# Extracted entries:
+ + + +

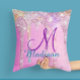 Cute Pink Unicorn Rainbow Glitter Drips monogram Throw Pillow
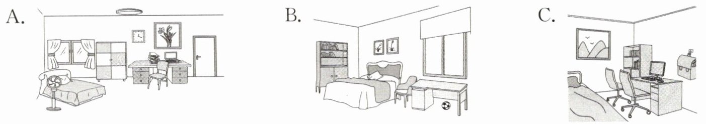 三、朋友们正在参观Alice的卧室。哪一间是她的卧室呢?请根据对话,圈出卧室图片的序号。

+ + + +

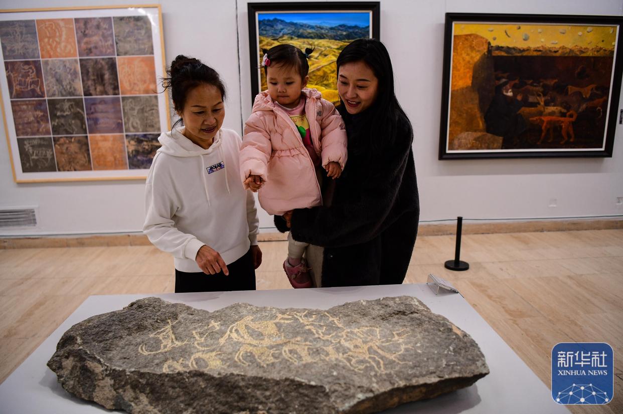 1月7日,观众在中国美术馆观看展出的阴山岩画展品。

+ + + +

# Task description:
Look through the listing above for the line with "Cute Pink Unicorn" and the line with "三、朋友们正在参观Alice". Write out exactly those lines and everything between, leaving out pictures.

# Response:
 Cute Pink Unicorn Rainbow Glitter Drips monogram Throw Pillow
 三、朋友们正在参观Alice的卧室。哪一间是她的卧室呢?请根据对话,圈出卧室图片的序号。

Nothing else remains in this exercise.